Defence will be given 2.6 billion dollars compared to last year's actual defence spending of 2.4 billion dollars.

Defence has always been a big ticket item in Pakistan's budget, the cost of which is usually blamed on ongoing hostilities with neighbouring India.

As Finance Minister Ishaq Dar announced his budget in parliament, outside rolls of barbed wire hundreds of policemen in riot gear surrounded the white marble building to stop protesters from staging a demonstration.

The demonstrators were mostly businessmen protesting against sales tax. Also among the estimated 300 protesters were members of Pakistan's right-wing Jamaat-e-Islami party, who accused the government of wasting money and sending prices of staples soaring.

The police fired tear gas at the demonstrators, as well as water canons.
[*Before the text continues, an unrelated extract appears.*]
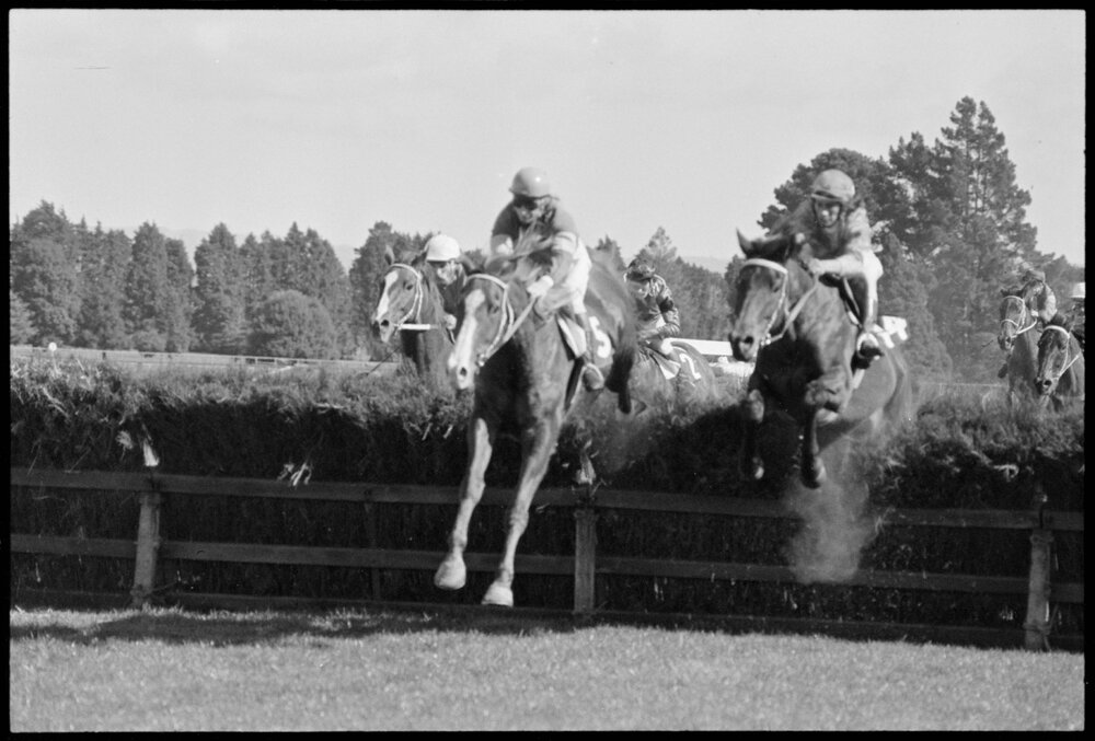 Date29 August 1974Reference Numberphoto gcc-24853DescriptionCup Day Steeples entrants, in action. Not published.FormatNegativePhysical Description35mm black-and-white negative (1/3)Photographer/CreatorBay of Plenty Times

As always in Pakistan the biggest budget item is debt servicing which will devour a whopping 5.4 billion dollars or nearly half of the total budget. This represents a 6.4 per cent increase over last year.

On the development front, which includes this poor country's social programmes, Pakistan will spend 2.19 billion dollars.
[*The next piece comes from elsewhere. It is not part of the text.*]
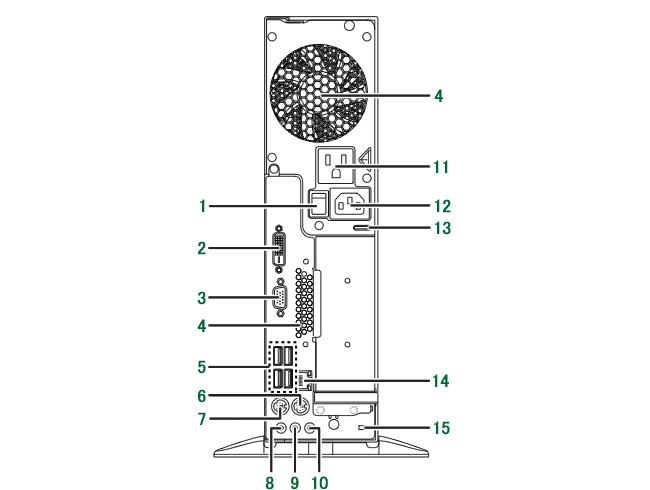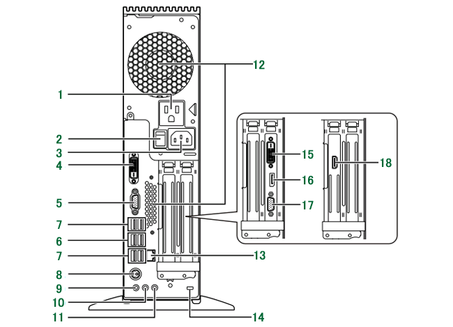 )14. 盗難防止用ロック取り付け穴 15. DVI-Dコネクタ(DVI)[注2] 16. DisplayPortコネクタ(DP)[注2] 17. アナログRGBコネクタ(VGA)[注2] 18. HDMI出力端子[注3] 注1 : NVIDIA® GeForce® GT 635 非搭載機種のみお使いになれます。 注2 : NVIDIA® GeForce® GT 635 搭載機種のみお使いになれます。NVIDIA® GeForce® GT 635 非搭載機種では、このコネクタは付いていません。 注3 : HDMIインターフェース搭載機種でお使いになれます。HDMIインターフェース非搭載機種では、このコネクタは付いていません。 -

According to the budget figures Pakistan fell short on its revenue collection last year. While Pakistan expected to collect 6.6 billion dollars in tax revenue it in fact collected 5.7 billion dollars.

Income tax, which has been difficult to collect in Pakistan, is expected to generate 2.2 billion dollars. Last year income tax generated 1.9 billion dollars, down from the 2.1 billion dollars level that the government expected to collect from income tax.

In Pakistan, a country of 140 million people, less than two million people pay income tax, the biggest defaulters being the country's wealthiest.

This year Pakistan has budgeted a tax revenue of 6.7 billion dollars -- a full one billion dollars more than it was able to collect this year.

The finance minister said Pakistan has come out of the difficulties created by the economic sanctions imposed by the United States and other major donors of aid. ''Now the challenge is to make nuclear Pakistan an economic power,'' he added.